I have been working with pandas to analyze and perform some lengthy operations on a dataset through defined functions (for convenience and also since I use the same functions in operations not involving pandas). I am trying to perform some operations based on which number is larger, using if and else statements.

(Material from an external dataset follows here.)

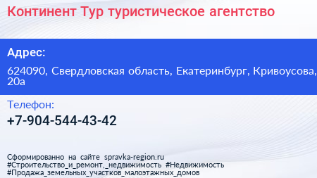 Континент Тур, туристическое агентство по адресу 624090, Свердловская область, Екатеринбург, Кривоусова, 20а в дальнейшем Организация, размещена в следующих категориях:
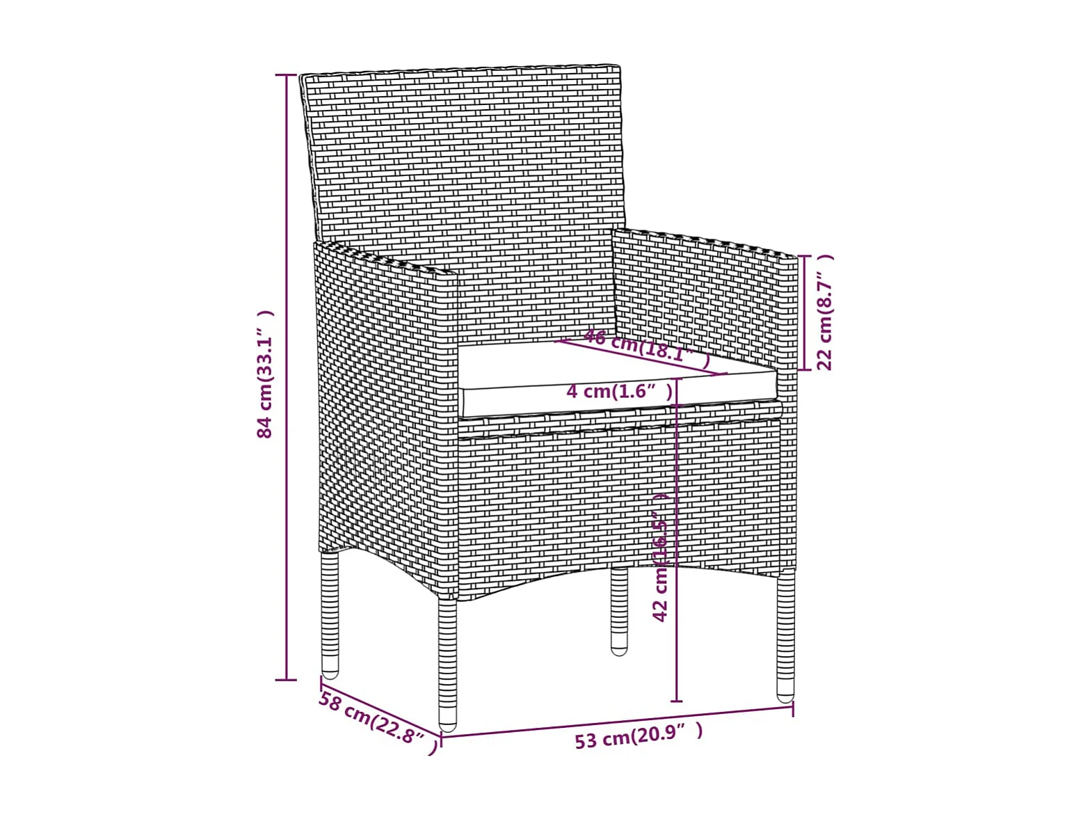 Set tuintafel en tuinstoelen rechthoek

I have not been able to find a workaround in other answers. Here is a short simplified example of what sort of logical operations I am trying to perform:
import pandas as pd
df = pd.DataFrame({"A": [177,166,155,125,146,149,192,160,111,85],
"B": [26.2,27,26.8,23.4,23.3,17.5,26.4,25.7,18.9,15.8],
"C": [9.2,99.1,29.3,8.6,8,7.2,10,39.4,47.25,4.5,]})
x = 'A'
y = 'B'
z = 'C'
def test(a,b,c):
h = a*b/c
return h
df['D'] = test(df[x],df[y],df[z])
Functions have been working out for me so far like that:
print(df['D'])
0 504.065217
1 45.227043
2 141.774744
3 340.116279
4 425.225000
5 362.152778
6 506.880000
7 104.365482
8 44.400000
9 298.444444
Name: D, dtype: float64
I am looking to get such operations working:
def test2(a,b,c):
if a > b:
return a*c
else:
return b*c
df['E'] = test2(df[x],df[y],df[z])
print(df['E'])
I am getting the obvious error:
ValueError: The truth value of a Series is ambiguous. Use a.empty, a.bool(), a.item(), a.any() or a.all().